実はここを訪れるのは2度目。前に訪れたのは1993年の10月末。ほぼ11年経っていることになる。さすがに記憶が薄れていて、友人にナビをしてもらって迷いながらの探索となった。なお、前回の様子も参考までに紹介しようと思う。本文中で黒地に白文字の部分が1993年の様子である。
また、湧水にはそれぞれちゃんとした名前がついていると思われるが、聞き込みをしなかったため近くの字をとって勝手に命名した。正しい名前をご存知の方は御一報お願いしたい。
最初に訪れたのは上中の湧水。ここを紹介すべきかどうかは正直なところ迷った。地図で(1)の地点を見ると池があって、そこから川が流れ出ているように見える。
だが1988年の地形図ではこの場所には池は存在していないことから、この池は(多少の湧出はあるとしても、)湧水ではなく溜め池ではないかと思われる。
実際の湧水点は、溜め池から 100m くらい西の果樹畑の付近と思われる。写真はその果樹畑から流れ出ている川の痕跡。
最初からいきなり悲しい結果となったが、ここは前回の訪問時にも枯れていたので、水路跡が残っていただけでもよしとしたい。

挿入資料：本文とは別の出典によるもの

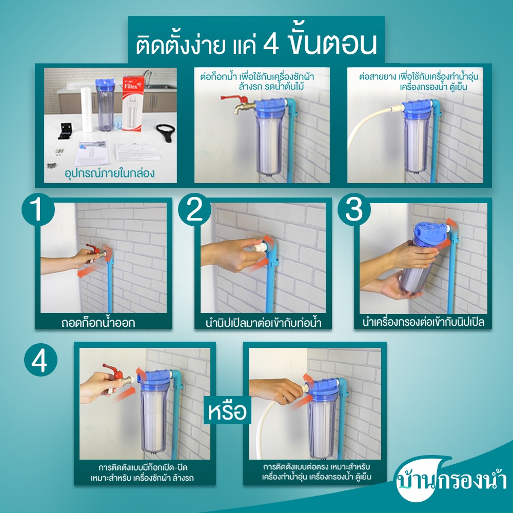 Filtex เครื่องกรองน้ำใช้ เครื่องกรองน้ำ 1 ขั้นตอน รุ่น FT-407 พร้อมไส้กรองหยาบ 1 ชิ้น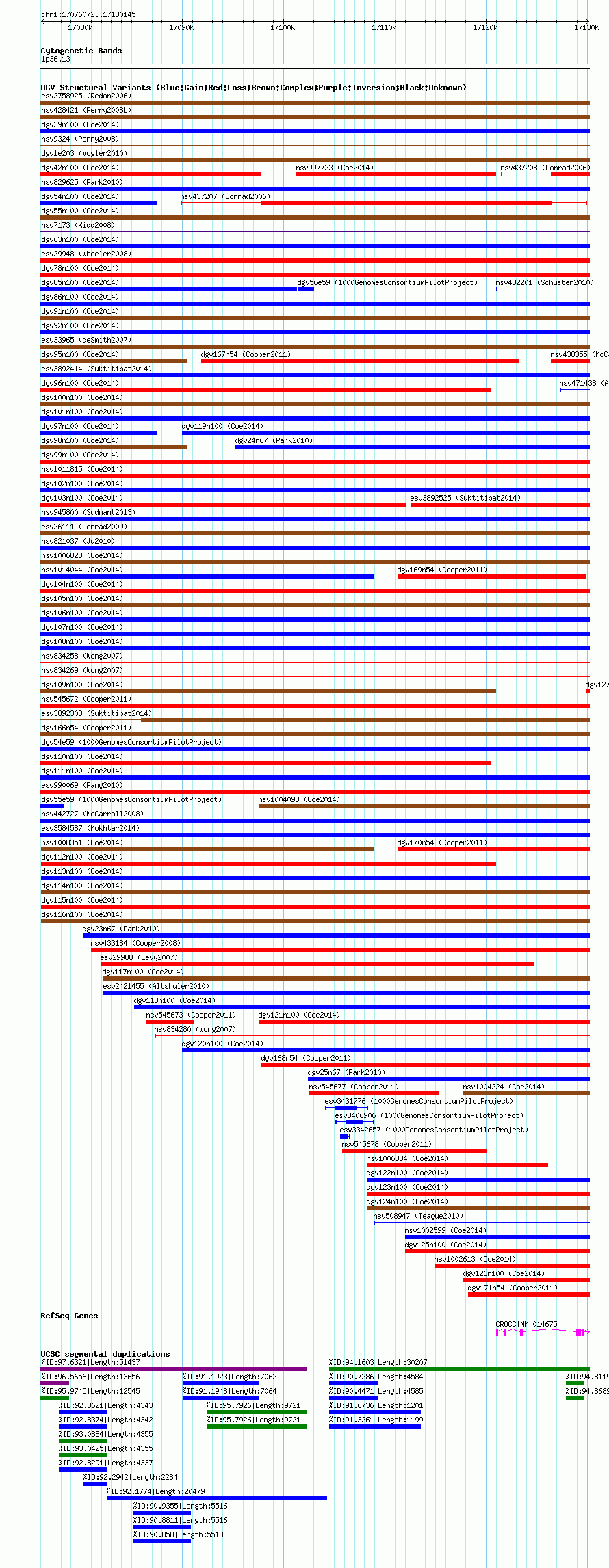 Variant DetailsVariant: nsv999493| Internal ID | 18812343 | | Landmark | | | Location Information | | | Cytoband | 1p36.13 | | Allele length | | Assembly | Allele length | | hg38 | 54074 | | hg19 | 54074 | | hg18 | 54074 |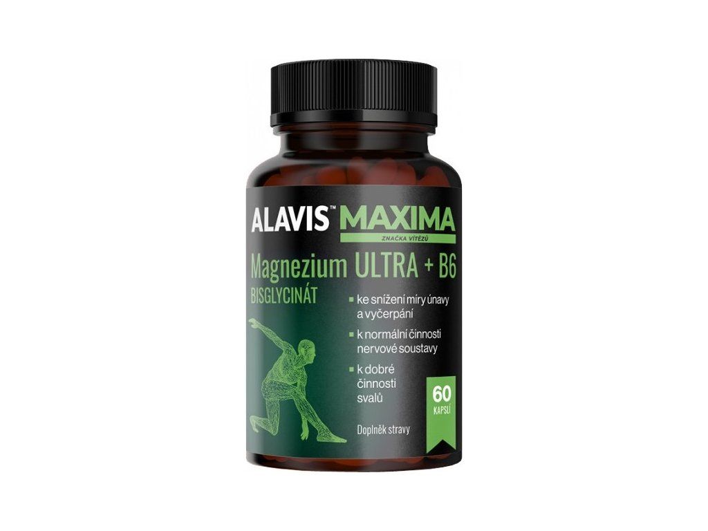 Doplněk stravy Alavis™ Maxima Magnezium Ultra + B6 přináší hořčík ve formě bisglycinátu hořečnatého obohacený o vitamín B6 (pyridoxin). Tyto dvě složky působí synergicky a přináší rychlou pomoc při dysbalanci organismu.

水路跡の東寄りに葦が茂っている場所があるので、まだ多少の湿り気は残っているのだろう。
この葦の茂みで草刈りをしている人がいたので尋ねてみると、この土地は町が親水公園にするために買い上げた土地で、そのための草刈りなのだとか。その人が言うには、上写真の水路をかつて西から水が流れたらしいが、今後も本当に流れることがあるのか半信半疑の様子だった。
前回訪問時。
1993年の訪問時にもこの茂みはあって、やはり水は涸れていた。葦ではなくセイタカアワダチソウが茂っていたから、今よりも乾いていたかもしれない。